Kernel memory corruption when running piglit with OA enabled
When gpu metrics are enabled, a small set of piglit tests can quickly corrupt kernel memory and/or hang the machine in an unrecoverable way.
dmesg will often point to a backtrace that includes i915_oa_stream_destroy, but sometimes does not reference OA (see attached logs). I have not been able to reproduce the same error when OA is disabled. Any root execution of piglit will reproduce the bug, because OA is always enabled for the root user.
This issue hampers Mesa development, because Mesa CI hardware is taken offline on a constant basis as our test systems are corrupted and put into a state where the kernel cannot shut down or reboot. We have to remove power or physically shut down (hold power button) on about 40% of our fleet over the span of a week.
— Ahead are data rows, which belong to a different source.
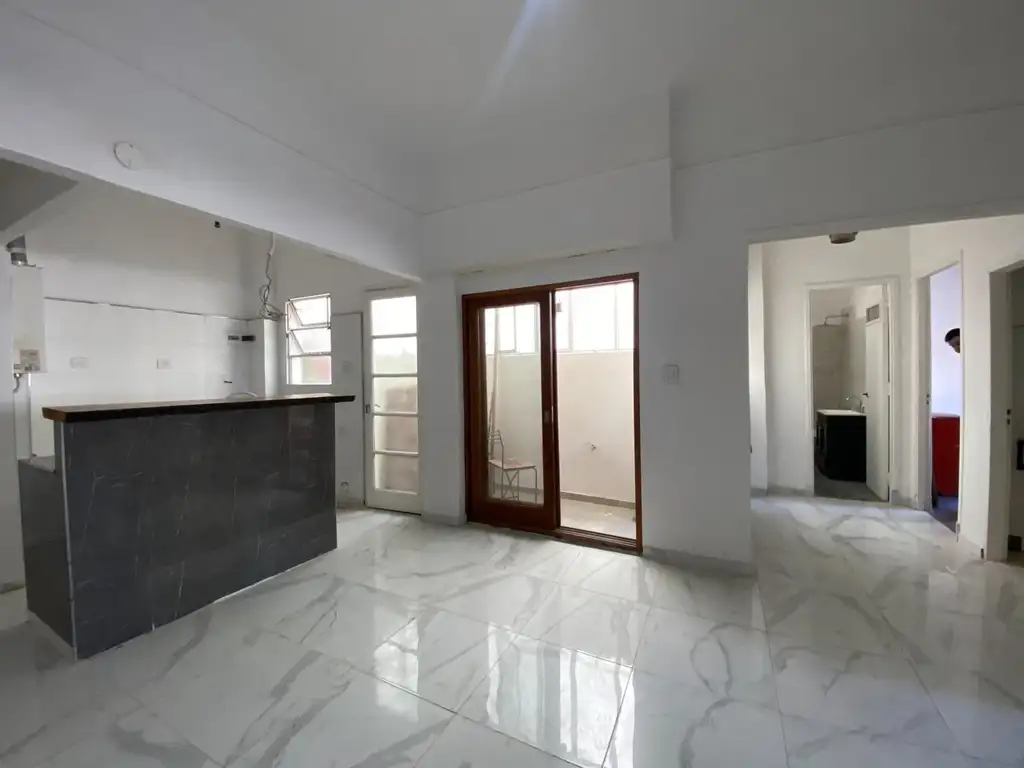 El departamento se destaca por su living-comedor con cocina incorporada, completamente renovada, que aporta amplitud y una dinámica moderna al espacio principal. Los dos dormitorios son cómodos y luminosos, ideales tanto para vivienda como para home office.
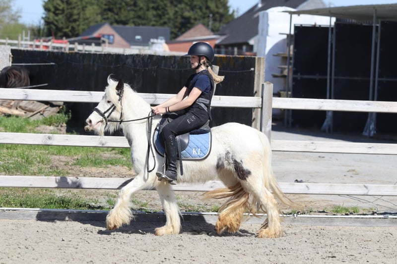 🌸🐴 Tinker poney Molly, adorable et au caractère doux ! 🐴🌸 Faites la connaissance de Molly 💕 Une Tinker poney très spéciale avec un magnifique œil bleu en forme de maanoog 😍✨ ✨ 5 ans ✨ Jument ✨ Environ 1,22 m Molly est bien dressée en dressage classique 🐎 Elle aime aussi sauter et se montre très à l’aise en balade en extérieur, seule ou en groupe 🌳🐴 Elle a une tête extrêmement mignonne 🥰 Elle s’entend très bien avec d’autres poneys 🐴💛 Et… elle peut rester des heures immobile pour se faire chouchouter et laver 🧼🪮💖 En résumé : une véritable petite chérie et une ponette câline ! 🧸🐴 📞 Plus d’infos ? WhatsApp ou téléphone : 0032475682243 🎥 Pour des vidéos : demandez notre site internet
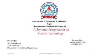 This seminar presentation summarizes stealth technology, its principles and applications. Stealth technology uses shapes, materials and other techniques to reduce detection by radar, sonar and infrared systems. It has various applications in naval warfare, allowing ships and submarines to conduct secret missions undetectably. Current uses include patrolling and spying, while future development focuses on improved designs and payloads. In conclusion, stealth technology remains an important topic despite counter-technologies challenging complete invisibility.

Based on CI data, this bug appears to impact at least gen9->gen12. It may impact hardware as old as HSW, but we don't have clear data. Recent (12 months) kernels are affected, at least up through the current 5.17.9. The issue should be easy to bisect in the kernel.
To reproduce:
- build this tree in piglit, which isolates a small number of tests: https://gitlab.freedesktop.org/majanes/piglit/-/tree/panic
- enable OA
sudo sysctl dev.i915.perf_stream_paranoid=0
- capture dmesg in a way that will survive a system hang:
sudo dmesg -w | tee panic.log
- run the 'panic' suite in a loop:
for ((;;)) do piglit run panic /tmp/panic; done
If piglit execution is a barrier for kernel devs, Mesa CI's docker containers can be used to set up an environment: https://gitlab.freedesktop.org/Mesa_CI/mesa_jenkins/-/tree/master/docker
For docker execution of piglit, the set of docker steps are:
$ git clone https://gitlab.freedesktop.org/Mesa_CI/mesa_jenkins.git
$ cd mesa_jenkins
mesa_jenkins$ python3 fetch_sources.py --project piglit-test piglit=97cbd16527c2c95e54716e1e86fb0ff687b42808
Ignore any errors about access to internal sources, they are not needed. Wait for all sources to be cloned. Then:
mesa_jenkins$ cd docker
mesa_jenkins/docker$ docker-compose build conformance_m64
mesa_jenkins/docker$ docker-compose run --rm conformance_m64 /bin/bash
/sources# python3 scripts/build_local.py --project piglit-test --action build
/sources# export LD_LIBRARY_PATH=/tmp/build_root/m64/lib:/tmp/build_root/m64/lib/dri:/tmp/build_root/m64/lib/x86_64-linux-gnu:/tmp/build_root/m64/lib/x86_64-linux-gnu/dri:/tmp/build_root/m64/lib64:/tmp/build_root/m64/lib64/dri:/usr/lib:/usr/lib/dri:/usr/lib/x86_64-linux-gnu:/usr/lib/x86_64-linux-gnu/dri:/usr/lib64:/usr/lib64/dri
/sources# export LIBGL_DRIVERS_PATH=/tmp/build_root/m64/lib64/dri:/tmp/build_root/m64/lib/x86_64-linux-gnu/dri:/tmp/build_root/m64/lib/dri:/usr/lib64/dri:/usr/lib/x86_64-linux-gnu/dri:/usr/lib/dri
/sources# export DISPLAY=:0
/sources# export PATH=$PATH:/tmp/build_root/m64/bin/
/sources# for ((;;)) do piglit run panic /tmp/panic; done